I think I like the idea of an apprentice level, perhaps either with the great/poor rating hidden, maybe something showing progress towards full reviewing status (so encouragement to continue). I would also put a daily limit or review rate to encourage slow considered reviewing for this level. It might set a good habit but also it might help prevent lots of reviews without resolution. I doubt it would be possible but even giving a higher proportion of nominations that were near resolution might be good not only as these might be resolved soon but also it could pick out if they were reviewing roughly inline with others
I think if there could be feedback during this stage it would be very good.
Most of all wouldn’t it be better to know something for certain about the reviewing scoring and the effects of the rating.
All we have is guess work based on tiny crumbs off the Niantic table. We could have some great ideas but without knowing how it actually works they could be useless.
You are not a new reviewer.
@DoodlebugzNZ-PGO It looks to me like you approve way too many things... either that or the submitters in your area are incredibly picky and only submit high-quality stuff. You approve 78% of stuff that you review. I'm at the other end of the scale, although always in the great rating category, and I approve about 42%.

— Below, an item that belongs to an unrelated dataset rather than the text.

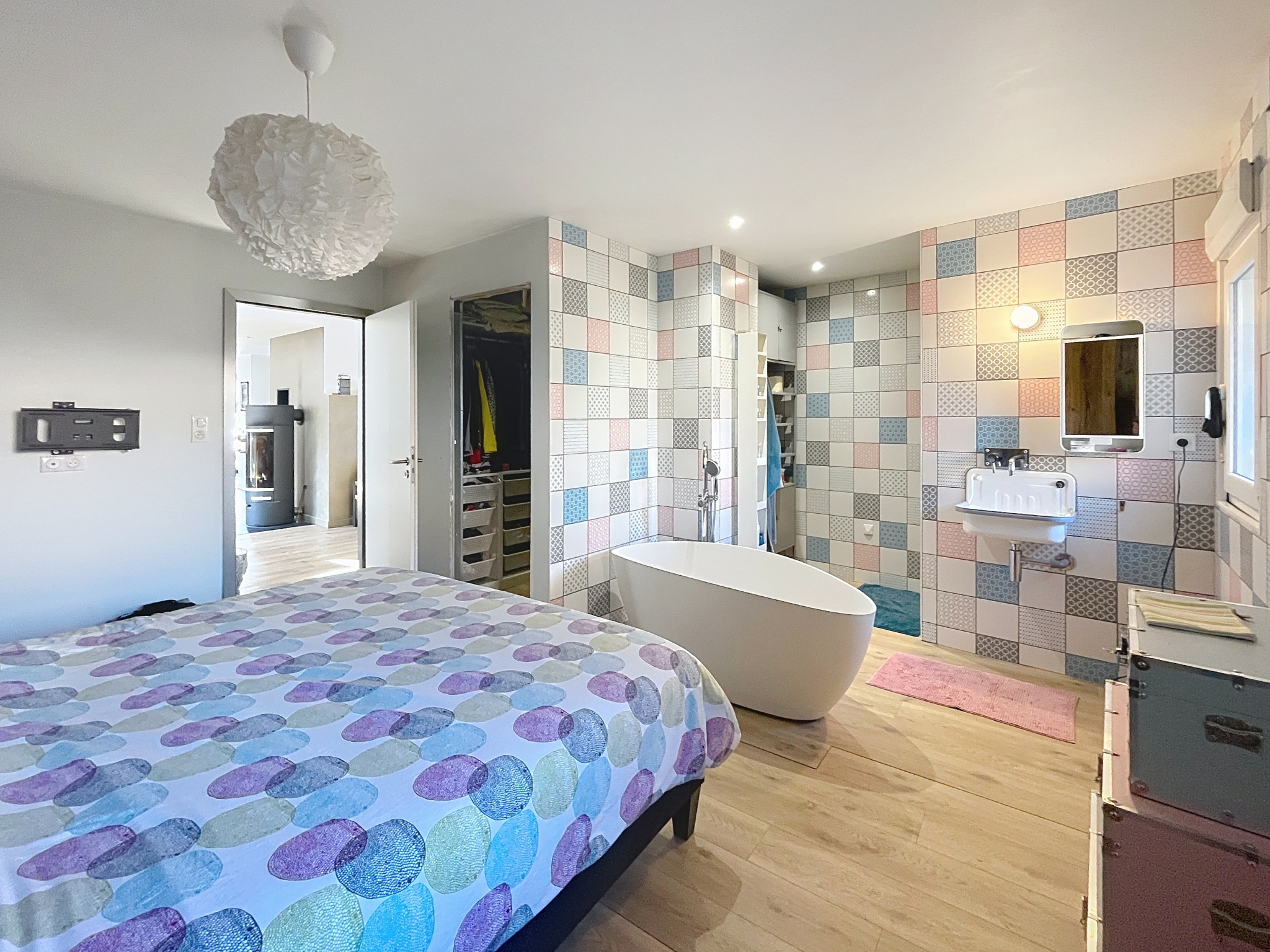 Elle offre au rez-de-chaussée une grande pièce de vie lumineuse avec poêle à bois, une cuisine équipée ouverte sur le jardin avec piscine hors sol et jacuzzi, ainsi qu'une suite parentale avec dressing et salle d'eau. Cellier, WC indépendants et garage complètent ce niveau.

@DoodlebugzNZ-PGO I have the exact same feeling that @Hosette-ING has.
I don't know where you are, but after >10k reviewings in different places, I am still in the great rating category and I approve about 40% too.
About this topic, I am sorry I didn't agree. At the beginning of my reviewing "career" I have made a lot of mistake, so my ratings have gone to Poor. So I start to improve, look closer at each criteria and nomination and after a few weeks of improvement and learning, I've reached great and never be under since.
I think being not good at reviewing at the beginning is normal, it's part of the learning process. You make some mistake then improve.
It would be good to fix it in Good for a certain period of time and until the review is completed, but in that case, the impact of the new auditor's evaluation should be small or not really reflected.
Therefore, it is rather better to create a training mode.
Also, I don't understand this, but for some reason new reviewers nowadays tend to use 1 and 5 a lot, and it would be better to specify that such extreme reviews have a negative impact on their own evaluation.
I 1* a lot and have never dropped off of great since reaching it. What I 1* is stuff like photos taken from cars, description mentioning Pokemon Go or Pokestop, K-12 schools, etc..
If it is a trash nomination I don't think people should be afraid to 1* it and select a reason so that the perhaps the people nominating junk will get a rejection that gives them feedback as to why their nomination was not eligible. They are also easy agreements and help your rating.
I guess I do 5* less, using 4* for eligible but not especially interesting or unique POI or not great photo and/or description.